In the middle of his honeymoon, the young hillbilly bridegroom left his bride back at the hotel and shows up at his parents house completely distraught. His father asks him, "Son, why you not with you bride on you honeymoon?".  The boy replies, "Daddy I was jus' gettin ready to love my bride when she tell me she want me to know she a virgin.
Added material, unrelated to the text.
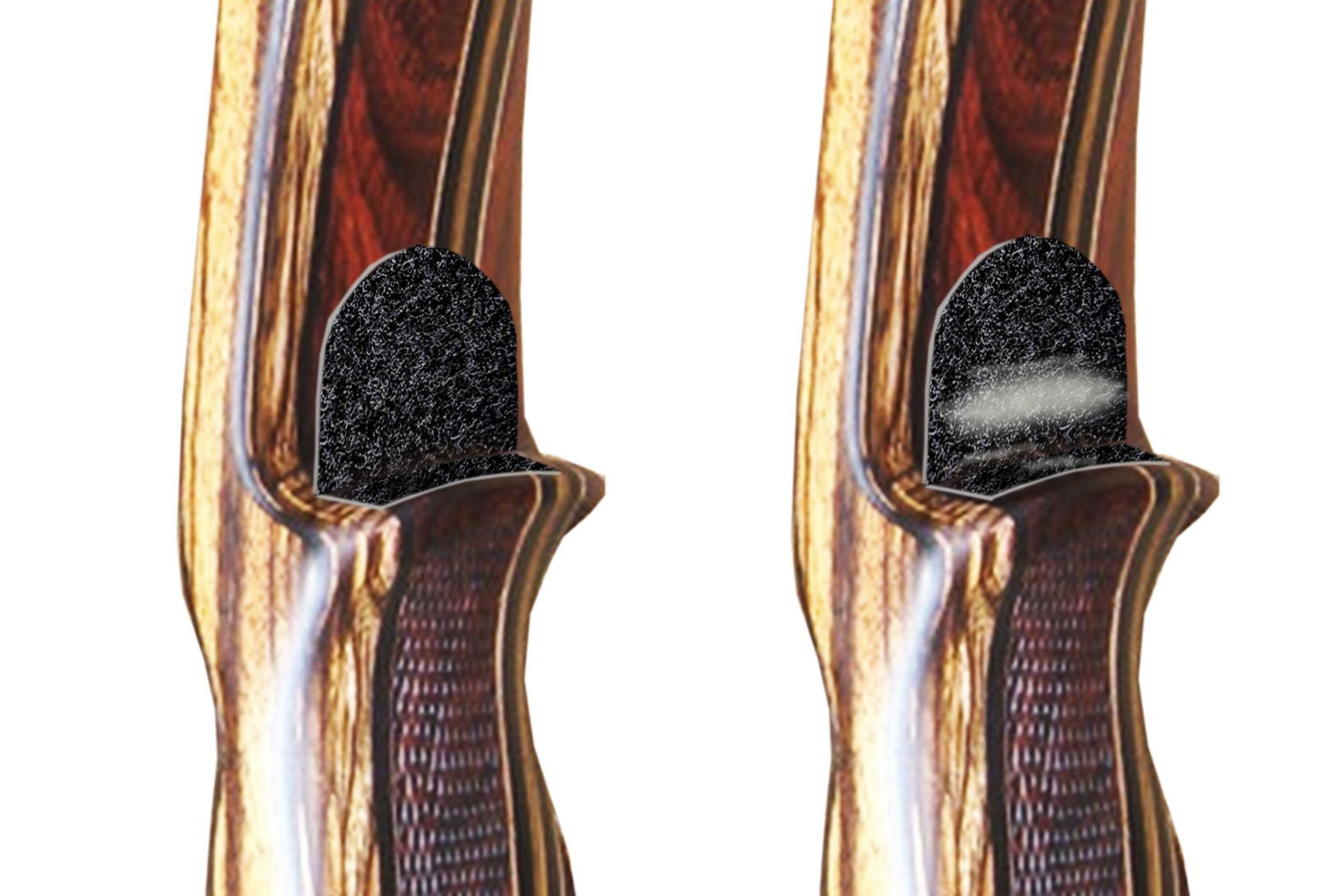 Ein Recurvebogen hat üblicherweise ein sehr breites Schussfenster. Schießt man vom Shelf, kann der Pfeil eine zu große Auflagefläche haben. Das sollte man auf alle Fälle ausgleichen. Man unterlegt dabei die Pfeilauflage. Damit erreicht man zum einen die Erhöhung um ca. 5 bis 10 mm und die Auflage wird dadurch fehlerverzeihender.

So I come to ask what do I do?".  The father says, "Boy don' be tellin me you don' know what do wid a womin, specially a virgin."  The boy says, "Daddy, course I knows what to do wid a woman, but dis be ma wife."  The father replies, "So what difference dis make?" To which the son says, "Well daddy, I jus got to figure if she ain't good nuff for her own family she shore ain't good enough for ours!"

Redneck Driving

Two rednecks, Bubba and Earl, were driving down the road drinking a couple of bottles of Bud. The passenger, Bubba, said "Lookey there up ahead, Earl, it's a police roadblock!! We're gonna get busted fer drinkin' these here beers!!" "Don't worry, Bubba," Earl said. "We'll just pull over and finish drinkin' these beers then peel off the label and stick it on our foreheads, and throw the bottles under the seat." "What fer?", asked Bubba. "Just let me do the talkin', OK?," said Earl. Well, they finished their beers, threw the empties out of sight & put label on each of their foreheads. When they reached the roadblock, the sheriff said, "You boys been drinkin'?" "No, sir," said Earl while pointing at the labels. "We're on the patch."